Below, locate the line that contains "b) 鍋爐能耗替代法:由于對". Repeat exactly from that line to the line that contains "Bei etwas aufklarendem", inclusive, leaving out the pictures.

**Data extracts**
----

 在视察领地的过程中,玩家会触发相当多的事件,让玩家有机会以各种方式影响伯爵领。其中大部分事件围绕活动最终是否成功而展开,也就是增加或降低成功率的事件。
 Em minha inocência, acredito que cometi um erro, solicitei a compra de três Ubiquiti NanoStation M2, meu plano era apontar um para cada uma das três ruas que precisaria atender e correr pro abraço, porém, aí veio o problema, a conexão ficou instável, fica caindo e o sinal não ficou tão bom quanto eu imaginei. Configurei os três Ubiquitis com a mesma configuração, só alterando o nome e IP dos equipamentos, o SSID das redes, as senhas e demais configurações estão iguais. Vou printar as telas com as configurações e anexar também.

----

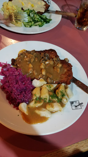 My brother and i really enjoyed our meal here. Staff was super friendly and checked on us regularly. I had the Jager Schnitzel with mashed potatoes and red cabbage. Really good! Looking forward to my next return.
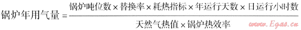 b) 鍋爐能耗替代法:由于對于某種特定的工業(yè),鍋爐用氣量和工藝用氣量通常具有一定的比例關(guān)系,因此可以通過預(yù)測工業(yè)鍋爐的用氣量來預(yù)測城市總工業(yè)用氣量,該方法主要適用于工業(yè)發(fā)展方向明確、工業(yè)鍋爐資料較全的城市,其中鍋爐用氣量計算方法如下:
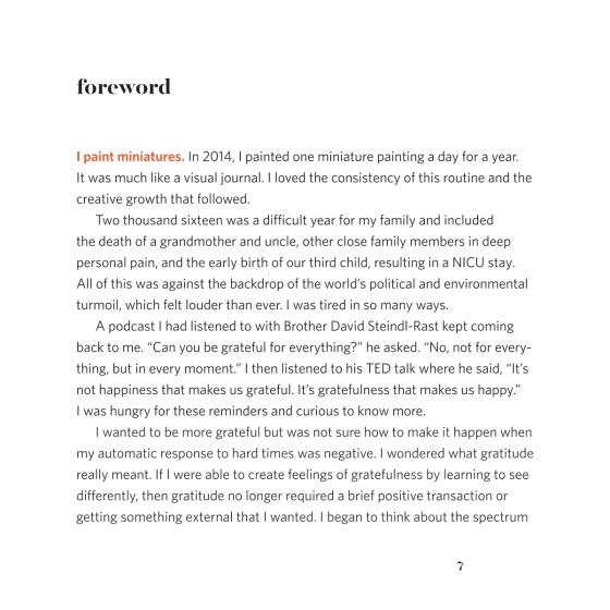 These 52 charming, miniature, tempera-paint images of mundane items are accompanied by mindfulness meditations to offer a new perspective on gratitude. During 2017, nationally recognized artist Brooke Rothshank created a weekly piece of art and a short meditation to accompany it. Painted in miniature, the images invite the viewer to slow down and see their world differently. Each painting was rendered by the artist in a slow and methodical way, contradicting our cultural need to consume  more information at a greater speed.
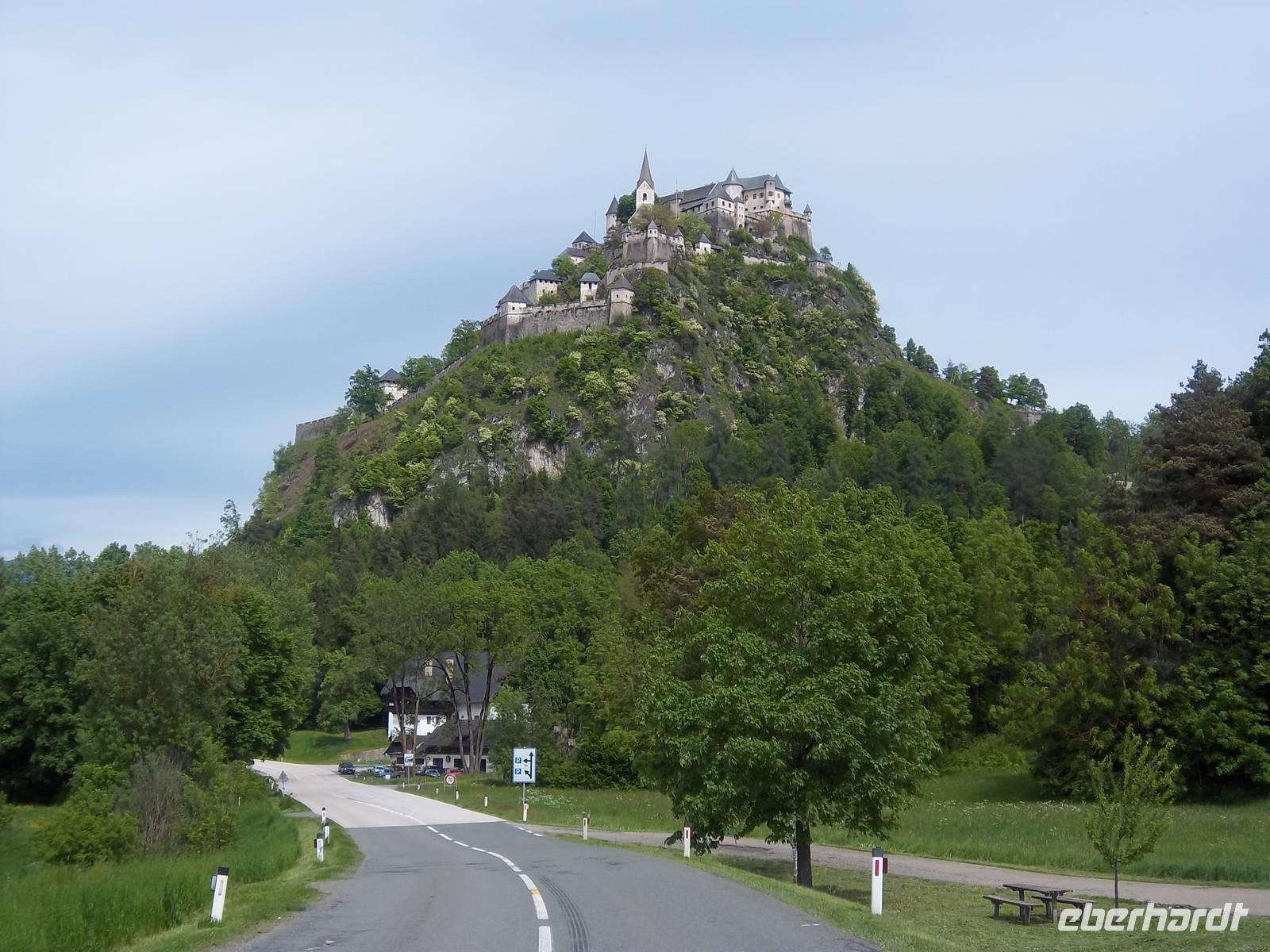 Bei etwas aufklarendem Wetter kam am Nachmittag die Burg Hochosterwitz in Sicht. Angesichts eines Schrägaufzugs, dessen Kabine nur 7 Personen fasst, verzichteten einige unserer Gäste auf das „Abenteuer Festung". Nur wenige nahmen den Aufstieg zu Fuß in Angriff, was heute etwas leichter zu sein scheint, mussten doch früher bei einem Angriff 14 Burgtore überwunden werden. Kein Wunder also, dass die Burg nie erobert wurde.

----

**Your response**
 b) 鍋爐能耗替代法:由于對于某種特定的工業(yè),鍋爐用氣量和工藝用氣量通常具有一定的比例關(guān)系,因此可以通過預(yù)測工業(yè)鍋爐的用氣量來預(yù)測城市總工業(yè)用氣量,該方法主要適用于工業(yè)發(fā)展方向明確、工業(yè)鍋爐資料較全的城市,其中鍋爐用氣量計算方法如下:
 These 52 charming, miniature, tempera-paint images of mundane items are accompanied by mindfulness meditations to offer a new perspective on gratitude. During 2017, nationally recognized artist Brooke Rothshank created a weekly piece of art and a short meditation to accompany it. Painted in miniature, the images invite the viewer to slow down and see their world differently. Each painting was rendered by the artist in a slow and methodical way, contradicting our cultural need to consume  more information at a greater speed.
 Bei etwas aufklarendem Wetter kam am Nachmittag die Burg Hochosterwitz in Sicht. Angesichts eines Schrägaufzugs, dessen Kabine nur 7 Personen fasst, verzichteten einige unserer Gäste auf das „Abenteuer Festung". Nur wenige nahmen den Aufstieg zu Fuß in Angriff, was heute etwas leichter zu sein scheint, mussten doch früher bei einem Angriff 14 Burgtore überwunden werden. Kein Wunder also, dass die Burg nie erobert wurde.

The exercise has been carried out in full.